### SUPPLIED ENTRIES:

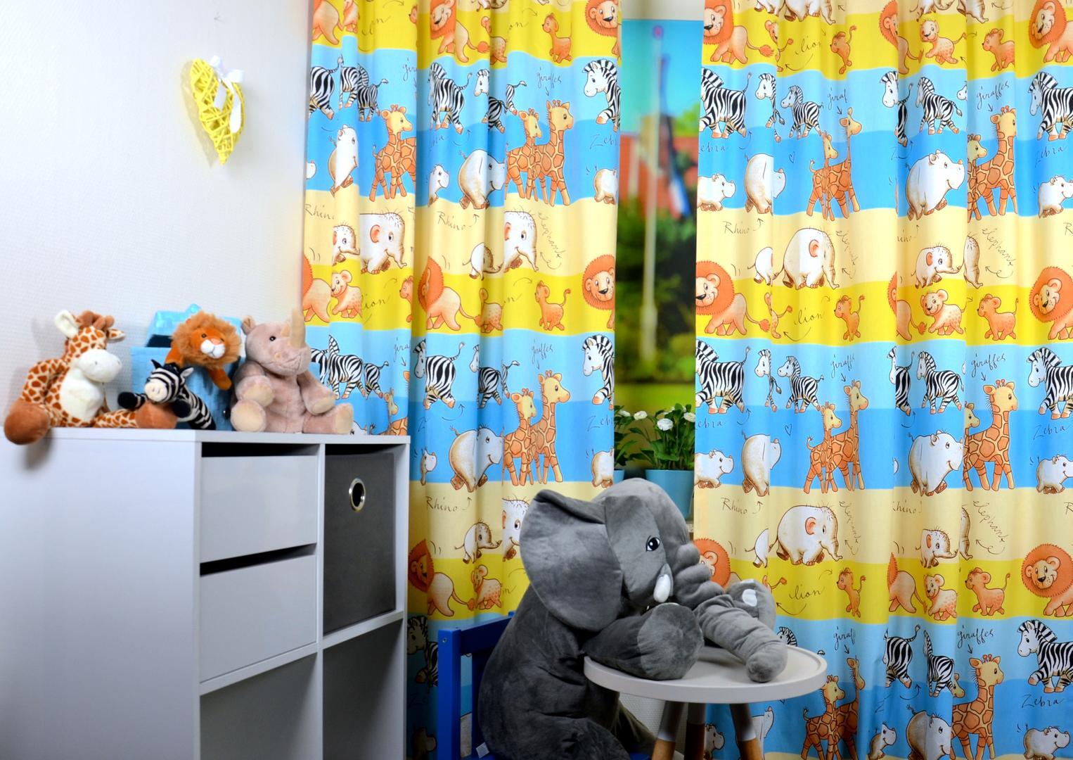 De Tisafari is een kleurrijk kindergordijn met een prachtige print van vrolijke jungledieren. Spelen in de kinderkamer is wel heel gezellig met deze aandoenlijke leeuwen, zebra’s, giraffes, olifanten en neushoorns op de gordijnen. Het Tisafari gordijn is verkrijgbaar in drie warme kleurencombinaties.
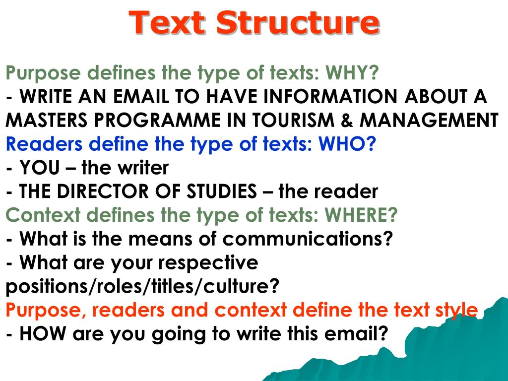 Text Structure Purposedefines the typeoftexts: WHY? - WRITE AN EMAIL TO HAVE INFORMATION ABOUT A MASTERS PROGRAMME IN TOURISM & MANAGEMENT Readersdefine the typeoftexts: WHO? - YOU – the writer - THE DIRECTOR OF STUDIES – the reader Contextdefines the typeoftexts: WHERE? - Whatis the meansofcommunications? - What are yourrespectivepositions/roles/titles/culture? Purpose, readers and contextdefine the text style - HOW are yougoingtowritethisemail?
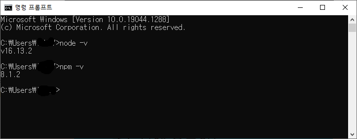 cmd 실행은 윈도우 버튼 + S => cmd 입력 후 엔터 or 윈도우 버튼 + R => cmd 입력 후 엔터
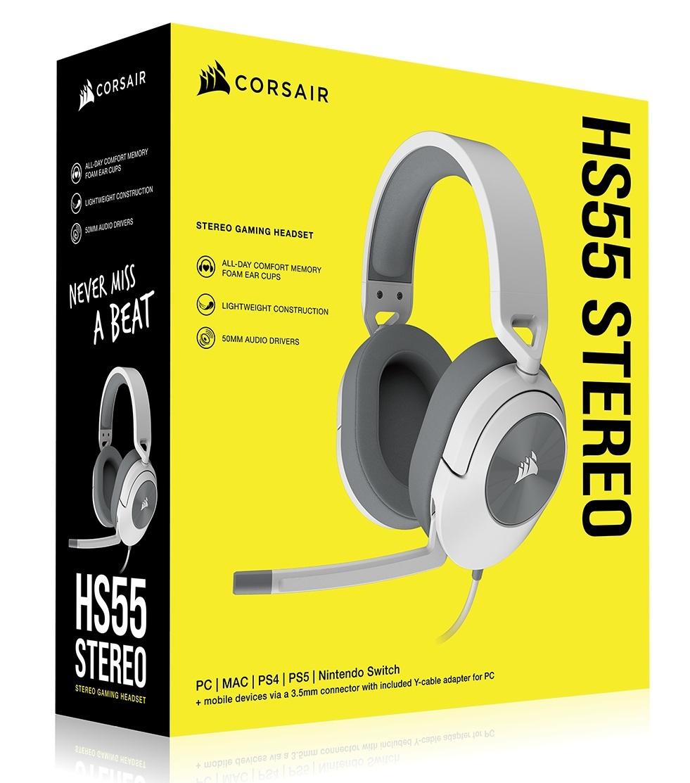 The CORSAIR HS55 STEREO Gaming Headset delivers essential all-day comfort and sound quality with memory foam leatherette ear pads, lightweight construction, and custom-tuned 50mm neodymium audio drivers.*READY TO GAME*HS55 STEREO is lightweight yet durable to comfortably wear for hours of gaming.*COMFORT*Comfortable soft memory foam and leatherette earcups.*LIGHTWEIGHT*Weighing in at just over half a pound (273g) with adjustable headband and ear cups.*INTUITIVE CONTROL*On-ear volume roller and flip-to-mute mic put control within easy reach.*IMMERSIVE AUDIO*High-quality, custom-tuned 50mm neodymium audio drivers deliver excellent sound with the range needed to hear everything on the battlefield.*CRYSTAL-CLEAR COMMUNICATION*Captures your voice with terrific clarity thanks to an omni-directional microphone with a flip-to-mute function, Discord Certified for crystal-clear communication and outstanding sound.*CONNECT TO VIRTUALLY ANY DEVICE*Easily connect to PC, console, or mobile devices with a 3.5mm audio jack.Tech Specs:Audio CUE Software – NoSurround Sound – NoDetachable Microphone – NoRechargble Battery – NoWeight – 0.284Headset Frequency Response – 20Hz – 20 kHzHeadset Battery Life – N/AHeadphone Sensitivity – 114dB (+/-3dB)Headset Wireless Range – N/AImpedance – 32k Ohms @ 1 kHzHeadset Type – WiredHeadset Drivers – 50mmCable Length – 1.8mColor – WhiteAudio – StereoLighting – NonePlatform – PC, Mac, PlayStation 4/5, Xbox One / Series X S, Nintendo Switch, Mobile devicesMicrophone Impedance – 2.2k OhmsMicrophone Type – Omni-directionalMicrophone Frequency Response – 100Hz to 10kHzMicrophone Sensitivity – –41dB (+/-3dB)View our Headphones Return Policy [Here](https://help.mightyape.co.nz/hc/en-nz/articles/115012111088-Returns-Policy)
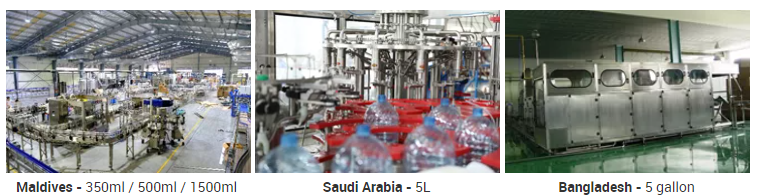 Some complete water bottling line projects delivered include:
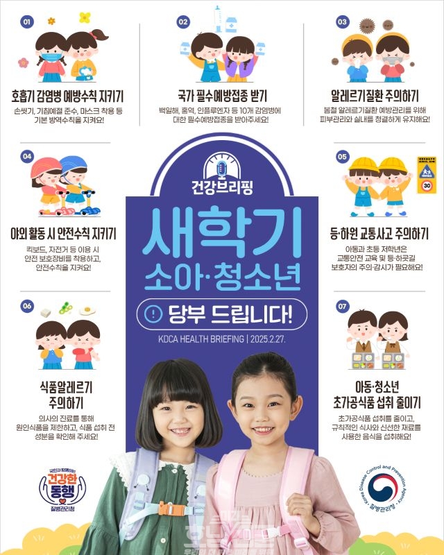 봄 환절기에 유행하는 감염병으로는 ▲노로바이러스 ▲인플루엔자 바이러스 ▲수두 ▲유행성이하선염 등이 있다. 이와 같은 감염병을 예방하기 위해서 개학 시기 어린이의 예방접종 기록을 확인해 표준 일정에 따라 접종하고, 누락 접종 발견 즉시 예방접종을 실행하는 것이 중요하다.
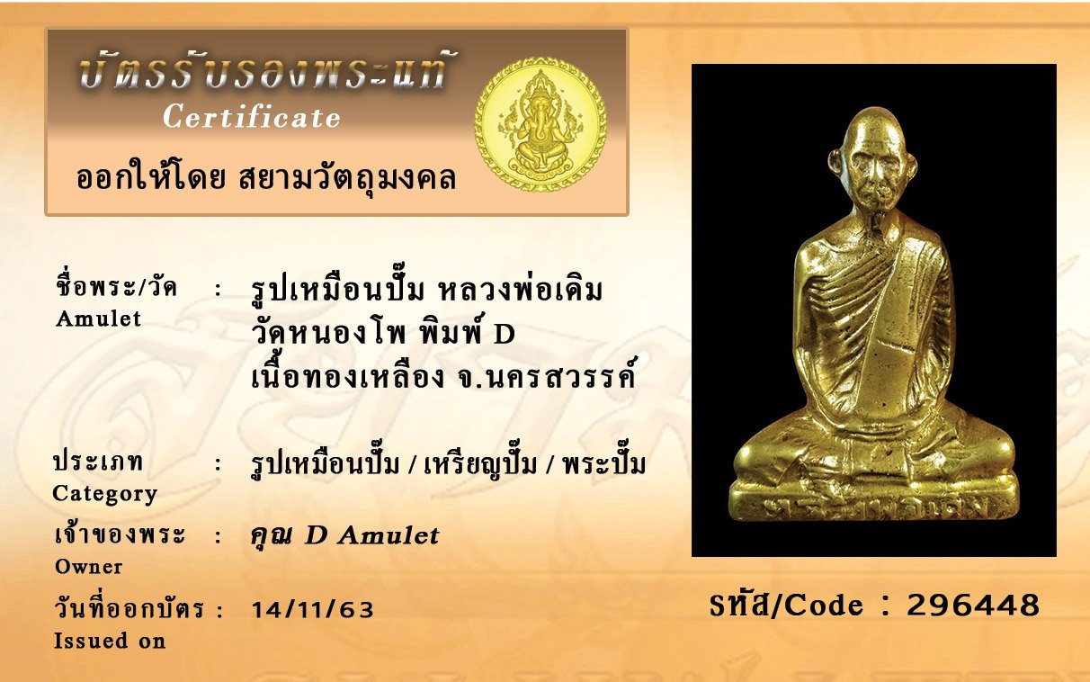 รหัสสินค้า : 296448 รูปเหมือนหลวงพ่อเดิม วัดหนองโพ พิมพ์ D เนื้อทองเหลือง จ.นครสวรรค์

### PROBLEM STATEMENT:
Write down exactly the lines running from the line with "Some complete water" through the end of the material, both ends included, and none of the pictures.

### TASK OUTPUT:
 Some complete water bottling line projects delivered include:
 봄 환절기에 유행하는 감염병으로는 ▲노로바이러스 ▲인플루엔자 바이러스 ▲수두 ▲유행성이하선염 등이 있다. 이와 같은 감염병을 예방하기 위해서 개학 시기 어린이의 예방접종 기록을 확인해 표준 일정에 따라 접종하고, 누락 접종 발견 즉시 예방접종을 실행하는 것이 중요하다.
 รหัสสินค้า : 296448 รูปเหมือนหลวงพ่อเดิม วัดหนองโพ พิมพ์ D เนื้อทองเหลือง จ.นครสวรรค์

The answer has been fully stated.